Post

OSQuery - From Zero to Hero

Osquery is a powerful host instrumentation framework originally developed by Facebook that enables you to treat your operating system as a relational database. It allows you to query system information using SQL, making it a versatile tool for system monitoring, security analysis, and infrastructure management.

OSQuery - From Zero to Hero

Table of Contents

  1. Introduction to Osquery
  2. Understanding Osquery’s Architecture
  3. Installation Guide
  4. Basic Usage and First Queries
  5. Osquery Interactive Mode (osqueryi)
  6. Osquery Daemon Mode (osqueryd)
  7. Tables and Schema
  8. Writing Effective Queries
  9. Configuration Files
  10. Query Packs
  11. Scheduled Queries
  12. File Integrity Monitoring
  13. Event-Based Tables
  14. Osquery Extensions
  15. Distributed Queries
  16. Security Monitoring Use Cases
  17. Performance Optimization
  18. Logging and Data Collection
  19. Integration with Other Tools
  20. Advanced Deployment at Scale
  21. Troubleshooting
  22. Resources and Further Learning

Introduction to Osquery

One of the most powerful features of Osquery is its cross-platform compatibility - it works on macOS, Linux, and Windows, allowing you to use the same queries across different environments. This eliminates the need for custom scripts for each platform, providing consistent data collection regardless of the operating system.

Key Benefits of Osquery

  1. Cross-Platform Support: Works consistently across macOS, Linux, and Windows systems
  2. SQL Interface: Uses familiar SQL syntax, making it accessible for those with database experience
  3. Extensive Data Collection: Gathers rich system data including running processes, user logins, network connections, browser plugins, loaded kernel modules, hardware events, file hashes, and more
  4. Open Source: Benefits from community contributions and transparency
  5. Flexibility: Can be used for security monitoring, compliance checks, IT operations, and troubleshooting

Understanding Osquery’s Architecture

Osquery has two main components that serve different purposes:

  1. Osqueryi (Interactive Mode): A command-line interface for executing ad-hoc SQL queries directly on the system
  2. Osqueryd (Daemon Mode): A background service that runs scheduled queries and logs the results for analysis

Under the hood, Osquery uses SQLite as its query engine, leveraging SQLite’s query parsing, optimization, and execution functionality. However, it doesn’t use SQLite for data storage. Instead, it generates most data on-the-fly through “Virtual Tables” at query execution time. For persistent storage needs, Osquery uses an embedded RocksDB database.

Installation Guide

Let’s go through installation steps for different platforms:

Ubuntu/Debian Installation

For Ubuntu or Debian-based systems, you can use the official repository:

1
2
3
4
5
6
7
8
9
10
# Set up the repository key
export OSQUERY_KEY=1484120AC4E9F8A1A577AEEE97A80C63C9D8B80B
sudo apt-key adv --keyserver hkp://keyserver.ubuntu.com:80 --recv-keys $OSQUERY_KEY

# Add the repository
sudo add-apt-repository 'deb [arch=amd64] https://pkg.osquery.io/deb deb main'

# Update package lists and install osquery
sudo apt update
sudo apt install osquery

macOS Installation

1
2
3
4
5
6
# Using Homebrew
brew update
brew install osquery

# Alternatively, download the package from the official website
# https://osquery.io/downloads

Windows Installation

Download the installer from the official website (https://osquery.io/downloads) and follow the installation instructions provided.

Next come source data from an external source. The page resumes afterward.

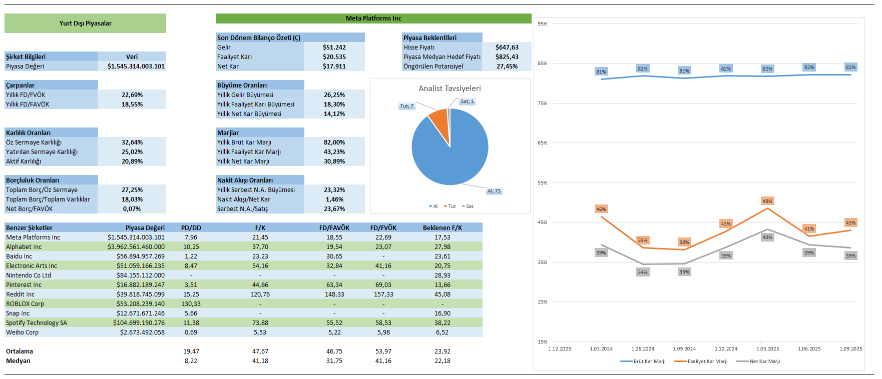 Bu yapıyla Meta, piyasa tarafından 1,5 trilyon doların üzerinde bir değer ile fiyatlanıyor. Cari F/K çarpanı 21,45 ve FD/FAVÖK çarpanı 18,55 ile benzerlerinin medyan değerine kıyasla daha makul çarpanlara işaret ediyor. Uzun dönem beklentilerin dahil edildiği, beklenen F/K çarpanıyla da benzer konuma işaret ediyor.
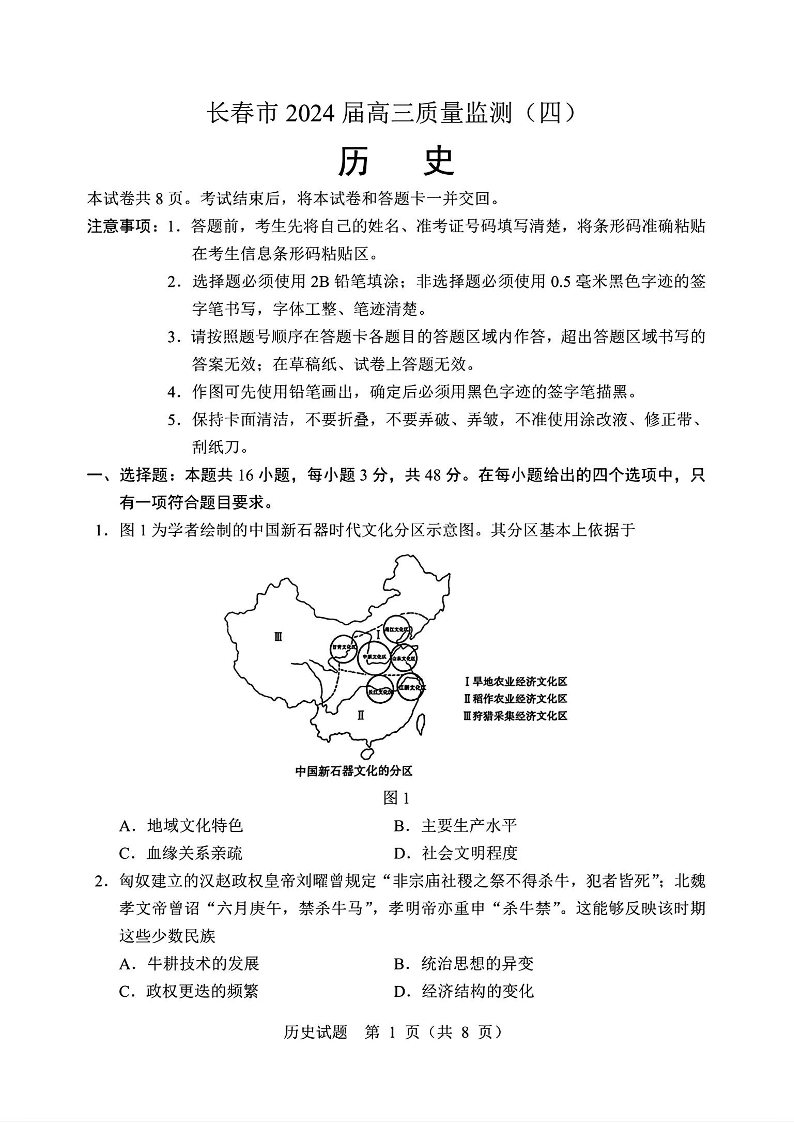 吉林省长春市2024届高三下学期四模考试历史
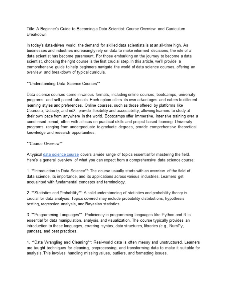 • When choosing a data science course, it's
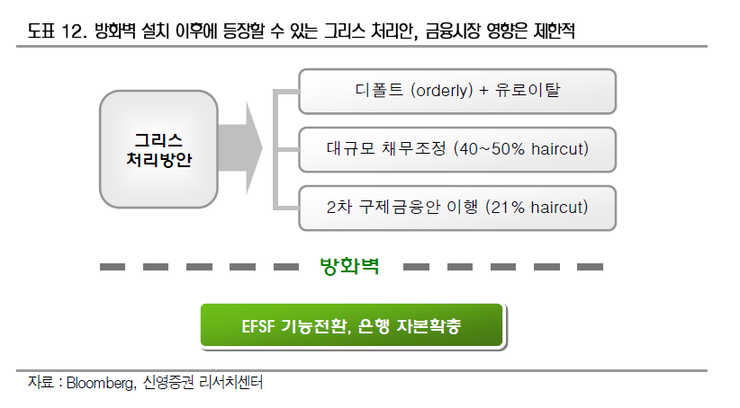 방화벽을 구축한 상태에서는 그리스 디폴트 처리든, 2 차 구제금융안 체제로의 이행이든 금융시장 영향은 제한된다.
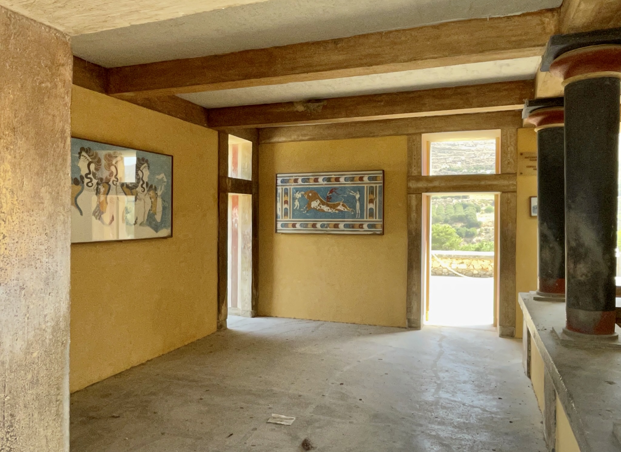 La salle du trône bien préservée montre le trône en pierre entouré d’une fresque représentant deux superbes griffons rouges. De très belles fresques sont présentes dans les salles : fresque des dauphins, du Prince aux Lys, des acrobaties sur un taureau, des processions, etc. Le taureau sacré très présent est un des symboles récurrents de la Crète. Des cornes géantes sont d’ailleurs présentes à l’entrée du Palais. On y voit également des femme verre à la main, des scènes de fête. Tout est en mouvement, renvoyant une image dynamique de bien être, de joie.
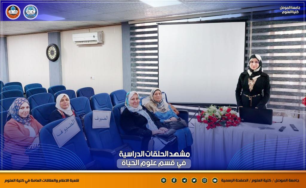 ضمن سلسلة الحلقات الدراسية في قسم علوم الحياة ، ألقت طالبة الدكتوراه (دعاء محمد يحيى ) حلقة دراسية عن أطروحتها الموسومة ” المؤشرات الكيموحيوية والجزيئية التشخيصية لبعض اضطرابات الهرمونات السترويدية ” بإشراف الأستاذ المساعد الدكتورة سراب داؤود سليمان و الأستاذ المساعد الدكتورة عفراء محمد محمود.وذلك صباح يوم الأربعاء الموافق 21 أيلول 2022 على قاعة الأستاذ الدكتور محمود الحاج قاسم بحضور السيد رئيس القسم و السيد مقرر القسم وعدد من تدريسي وطلبة الدراسات العليا في القسم.تمنياتنا للطالبة و مشرفيها بالتوفيق
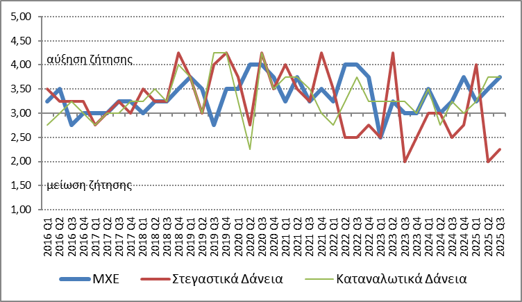 Κατά το γ΄ τρίμηνο του 2025, η συνολική ζήτηση δανείων από τις ΜΧΕ αυξήθηκε, αφενός λόγω χρηματοδοτικών αναγκών αφετέρου λόγω διεύρυνσης των εναλλακτικών πηγών χρηματοδότησης.
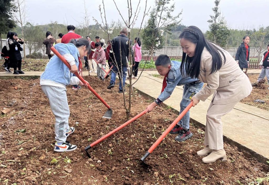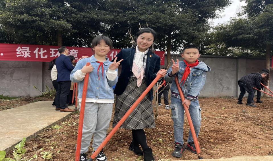 图九 马克思主义学院院长何敏与孩子们共同植树
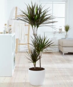 Geef snel een tropisch tintje aan je interieur met deze luchtzuiverende en makkelijk te verzorgen dracaena. De Dracaena marginata Magenta heeft mooie donkere bladeren met een lichte donkerrode gloed. Deze plant heeft 3 stammen in een pot van 24cm diameter. Er zijn wel 120 verschillende soorten Dracaena, waarvan sommige een bloedrode hars produceren. Daarom wordt hij ook wel drakenboom of drakenbloedboom genoemd.
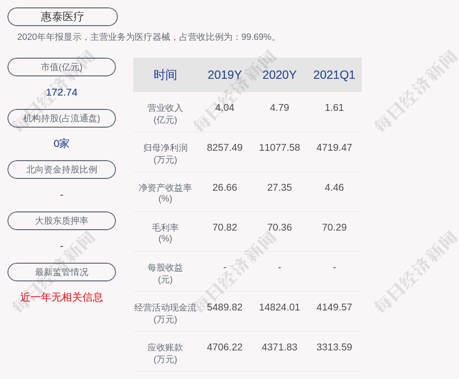2020年年报显示,惠泰医疗的主营业务为医疗器械,占营收比例为:99.69%。
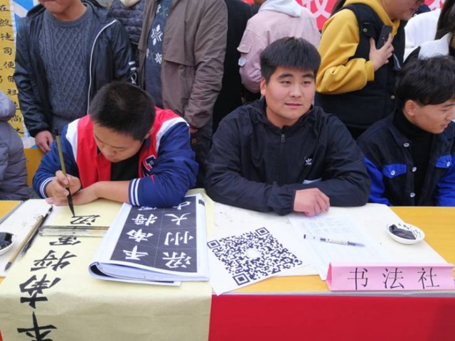 书法社成立于2017年11月13日,名曰“墨缘书社”,成立后在校园内取得优良的效果,得到全校师生的认同。此次书法社招新内容以书法基础效果为核心,介绍毛笔的结构、握笔的姿势、坐姿和如何顺锋运笔。书法社社长社员认真介绍教导,为想要参加书法社团的新生做出了良好的示范,激发了同学们浓厚的书法兴趣,此次招新也营造了浓郁的文化氛围。

Basic Usage and First Queries

After installation, you can immediately start using Osquery’s interactive shell to run queries:

1
2
# Launch the interactive shell
osqueryi

This will open the interactive shell with a “Using a virtual database” message. From here, you can start querying your system using SQL syntax.

Osquery Interactive Mode (osqueryi)

The interactive mode allows you to run ad-hoc queries against your system. Here are some essential commands:

  • .help - Display help information
  • .tables - List all available tables
  • .schema [table] - Show the schema (fields) for a specific table or all tables
  • .all [query] - Run a query and display the results

For system-level queries that require elevated privileges, you may need to run osqueryi with sudo.

Example Queries in Interactive Mode

Here are some basic examples to get you started:

  1. List all users on the system:
    1
    
    SELECT uid, username, directory FROM users LIMIT 5;
    
  2. Get system hardware information:
    1
    
    SELECT cpu_brand, hardware_vendor, hardware_model FROM system_info;
    
  3. Check disk space:
    1
    
    SELECT path, type, round((blocks_available * blocks_size * 10e-10), 2) AS gigs_free FROM mounts WHERE path='/';
    

You can also run queries directly from the command line without entering the interactive shell:

1
2
3
4
5
6
7
8
# Run a query directly
osqueryi "SELECT * FROM users;"

# Pipe a query into osqueryi
echo "SELECT * FROM users;" | osqueryi

# Get JSON output
osqueryi --json "SELECT * FROM users;"

Osquery Daemon Mode (osqueryd)

The daemon mode (osqueryd) runs in the background to execute scheduled queries and log the results. It’s ideal for continuous monitoring of your system.

To start the osquery daemon:

1
sudo osqueryctl start

The osqueryctl tool helps you manage various aspects of your Osquery installation, including starting, stopping, and configuring the Osquery daemon.

Tables and Schema

Osquery organizes system data into tables, where each table stores information about a specific aspect of your system. For example, the “processes” table contains information about all running processes.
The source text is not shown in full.